Addicts and Servants (p. 193)

From chapter "The End"

Death isn’t an incidental by-product of the machine. The obsession with security ends in wealth-making as ecocide and war as genocide. The obsession with security becomes a death wish not because of the outward appearance or the inner character of the perpetrators; it’s an obsession rooted in underlying, often unconscious motivations. Sometimes it manifests as bloodthirsty, sometimes as larcenous. Sometimes as an overzealous concern for the well-being and right living of others. Sometimes as patriotic pride or dedicated work ethic. Sometimes as pathological lying, as mindless vandalism, or as a good citizen’s respect for the rule of law.
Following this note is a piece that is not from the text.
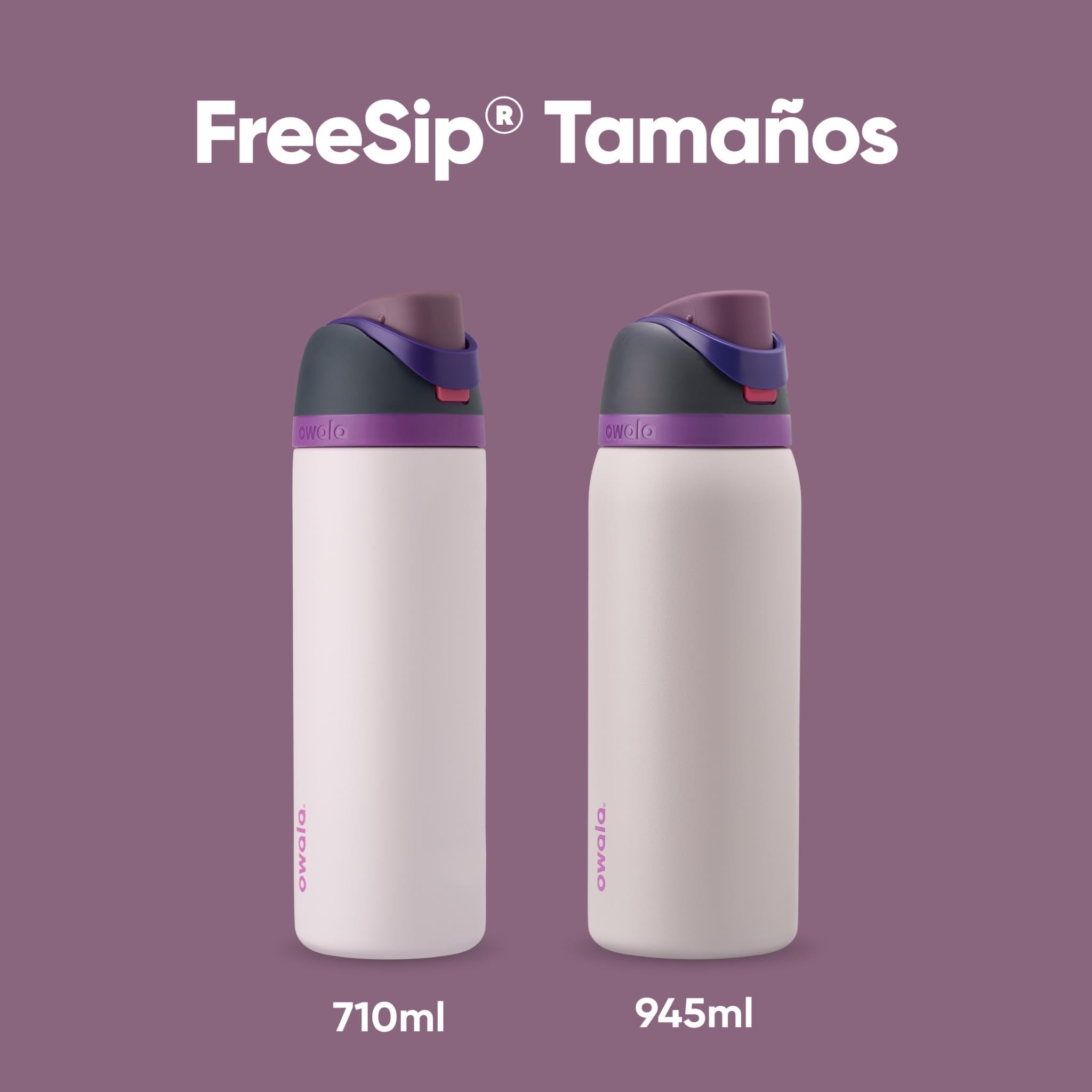 The Owala FreeSip Insulated Stainless-Steel Water Bottle with Locking Push-Button Lid easily tackles every thirst. With a built-in, easy-clean straw and a wide-mouth opening, the FreeSip reusable bottle is designed for drinking two different ways: sipping upright through the straw or tilting back to swig from the wide-mouth spout opening. Add in a push-to-open lid and playful colors, and staying hydrated has never been simpler—or more fun. Additional features include double-wall insulated stainless steel that keeps drinks cold up to 24 hours, a carry loop that doubles as a lock, and a wide opening for easy cleaning and adding ice. The Owala FreeSip Insulated Stainless-Steel Water Bottle with Locking Push-Button Lid is available in three sizes: 24-Ounce, 32-Ounce, and 40-Ounce. Lid is dishwasher safe; hand wash cup. Not for use with hot liquids. Manufacturer’s limited lifetime warranty.

But if the underlying motivation is security and rules over freedom, then the end result, the collective result, is to choose comfort over tolerance, rules over responsibility, known over uncertain, wealth over wilderness, control over relationship, and ultimately, death over life. Life isn’t a simplistic set of opposites with one obvious right answer to every question, but the obsession with security tries to make it so.

 

The smoke and mirrors of high technology appear to be, Wizard-of-Oz-like, our masters. But the fearsome wizard behind the curtain turns out to be everyman and everywoman, fussing with levers, no longer in control or quite sure what the purpose of it all is. We’ve become caretakers of the machine, janitors in the machine’s warehouse, sweeping and tidying up and oiling the levers and attaching the new gizmos that are supposed to control this or that section of the machine. (How come those gizmos are called governors?) We aren’t sure anymore what it’s all for, but someone somewhere must be keeping track, we tell ourselves, and those engineers sure are clever. And we really can’t imagine how the machine could be replaced with anything else. It’s big and it’s more complicated than anyone can imagine, and it’s all humming on into the future….
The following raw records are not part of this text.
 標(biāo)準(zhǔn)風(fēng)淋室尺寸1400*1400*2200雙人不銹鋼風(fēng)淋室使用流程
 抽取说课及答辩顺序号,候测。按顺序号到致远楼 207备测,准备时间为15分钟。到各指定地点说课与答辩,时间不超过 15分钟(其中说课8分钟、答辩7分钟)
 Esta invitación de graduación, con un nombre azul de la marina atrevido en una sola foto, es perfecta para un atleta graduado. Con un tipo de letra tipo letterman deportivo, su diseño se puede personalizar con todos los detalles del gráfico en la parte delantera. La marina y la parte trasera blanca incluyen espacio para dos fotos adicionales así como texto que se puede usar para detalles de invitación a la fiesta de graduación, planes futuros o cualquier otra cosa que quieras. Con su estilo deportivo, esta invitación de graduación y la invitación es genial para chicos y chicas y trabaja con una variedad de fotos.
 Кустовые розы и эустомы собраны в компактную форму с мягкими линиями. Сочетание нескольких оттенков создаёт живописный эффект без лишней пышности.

Gee-whiz science is transforming our world. Isn’t it amazing, this technology that can be used for good and ill? One of the world’s “most advanced humanoid robots” is feted for “walking, turning and even dancing with children.”But it’s not just for kids! When the Japanese prime minister paid an official visit to the Czech prime minister in the summer of 2003, he brought along a four-foot-tall robot that could tell jokes and make a toast. The robot offered to dance, but the Czech prime minister is not into dancing, and declined.Dancing isn’t the only thing robots are good for! The Pentagon’s DARPA is offering a million bucks to see if someone can create a machine capable of going from Los Angeles to Las Vegas without human intervention.The purpose of DARPA’s “autonomous ground vehicle” race in March 2004 was to “leverage American ingenuity to accelerate the development of autonomous vehicle technologies that can be applied to military requirements.”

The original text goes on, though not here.